- WORK REQUIRED:
The output should be the listing below, limited to the lines from the one with "本网讯(经济管理学院)202" through the one with "包装清单  :   晨光(M&G)T型桌牌 台牌立式台签透明桌面立牌 A4台卡亚克力板竖牌座位牌展示牌", exact and without pictures.

- SOURCE DATA:

__________

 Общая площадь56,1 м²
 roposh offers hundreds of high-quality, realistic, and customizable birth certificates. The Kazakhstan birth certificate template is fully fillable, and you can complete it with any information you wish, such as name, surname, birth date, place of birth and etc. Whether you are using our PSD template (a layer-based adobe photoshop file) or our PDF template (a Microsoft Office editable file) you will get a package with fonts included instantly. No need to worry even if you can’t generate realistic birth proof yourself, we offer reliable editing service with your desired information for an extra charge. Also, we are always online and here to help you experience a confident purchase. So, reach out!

__________

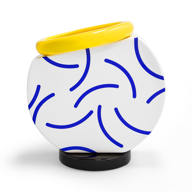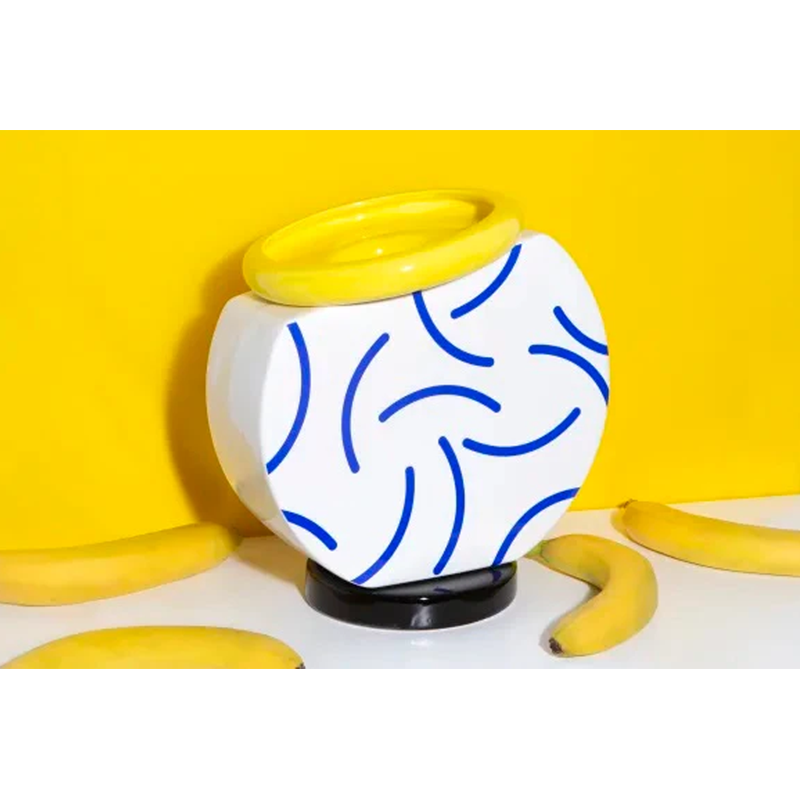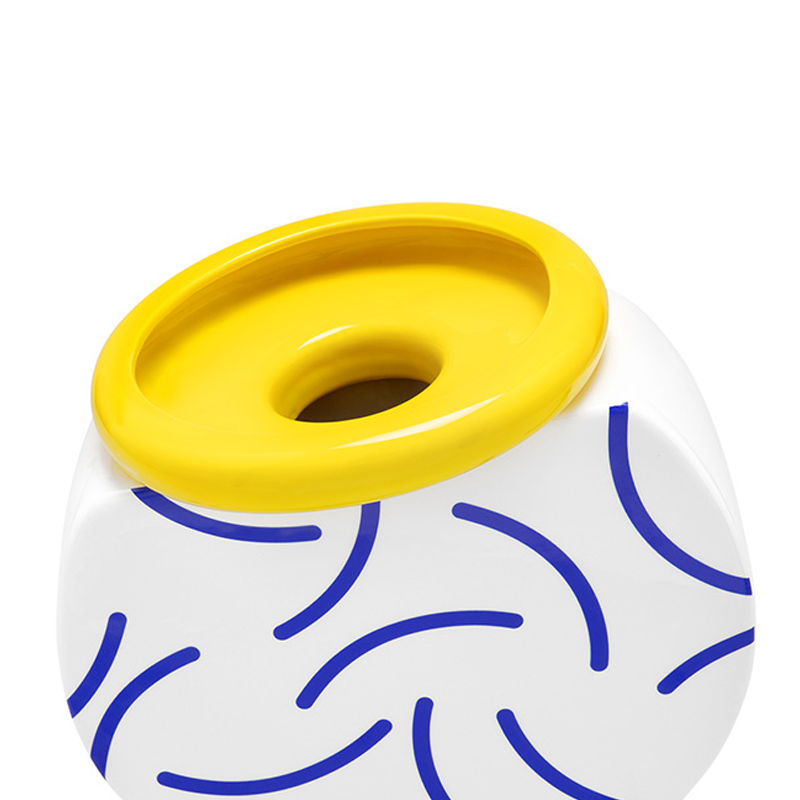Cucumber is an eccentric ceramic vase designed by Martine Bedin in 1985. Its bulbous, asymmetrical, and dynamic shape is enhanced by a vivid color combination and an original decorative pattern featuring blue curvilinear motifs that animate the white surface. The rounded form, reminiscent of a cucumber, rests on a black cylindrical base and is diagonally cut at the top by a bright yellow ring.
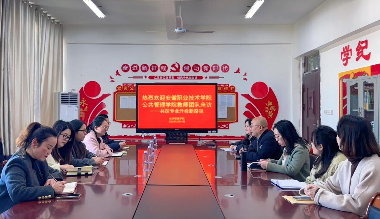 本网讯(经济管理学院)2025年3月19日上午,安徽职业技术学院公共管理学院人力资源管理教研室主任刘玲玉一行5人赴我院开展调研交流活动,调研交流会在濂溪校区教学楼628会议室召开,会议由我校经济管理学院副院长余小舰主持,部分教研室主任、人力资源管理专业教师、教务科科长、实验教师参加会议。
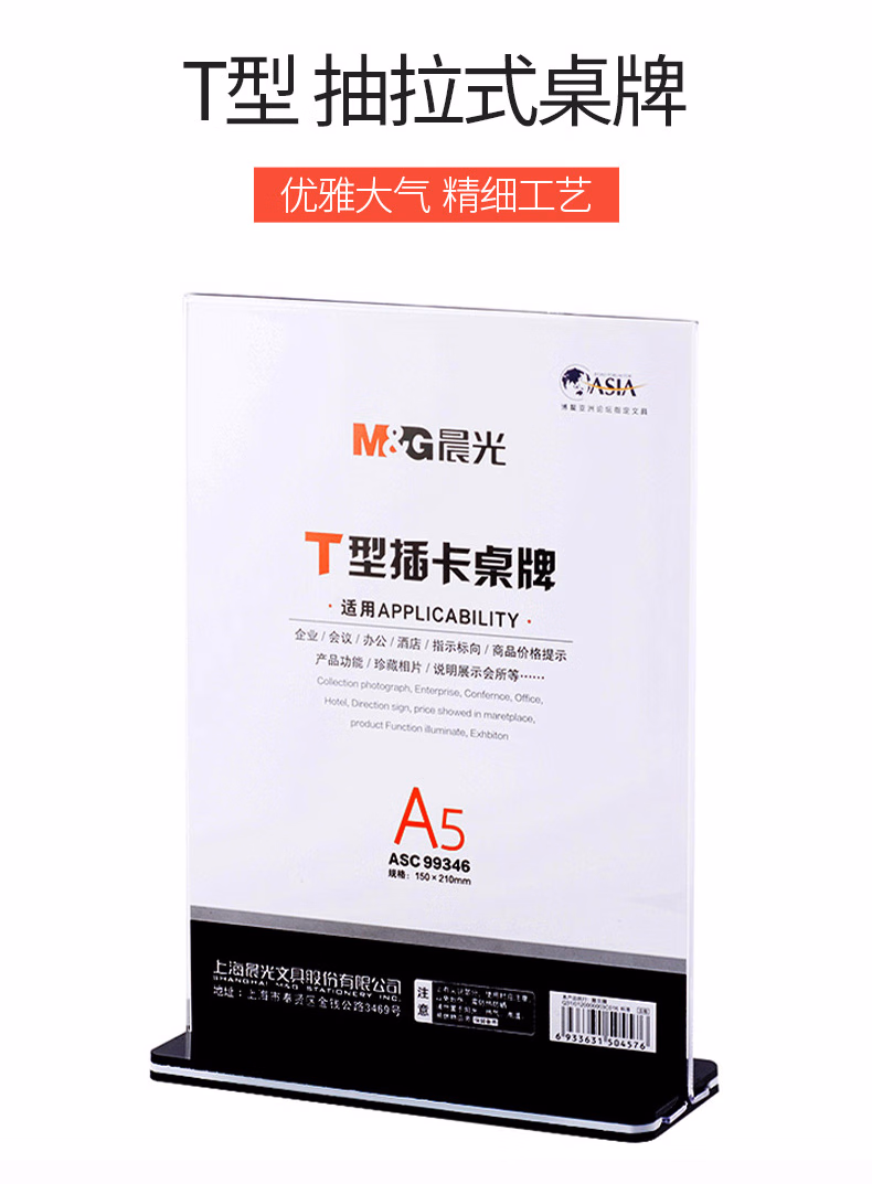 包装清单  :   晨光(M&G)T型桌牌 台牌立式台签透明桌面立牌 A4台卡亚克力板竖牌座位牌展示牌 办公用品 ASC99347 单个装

__________

- RESPONSE:
 本网讯(经济管理学院)2025年3月19日上午,安徽职业技术学院公共管理学院人力资源管理教研室主任刘玲玉一行5人赴我院开展调研交流活动,调研交流会在濂溪校区教学楼628会议室召开,会议由我校经济管理学院副院长余小舰主持,部分教研室主任、人力资源管理专业教师、教务科科长、实验教师参加会议。
 包装清单  :   晨光(M&G)T型桌牌 台牌立式台签透明桌面立牌 A4台卡亚克力板竖牌座位牌展示牌 办公用品 ASC99347 单个装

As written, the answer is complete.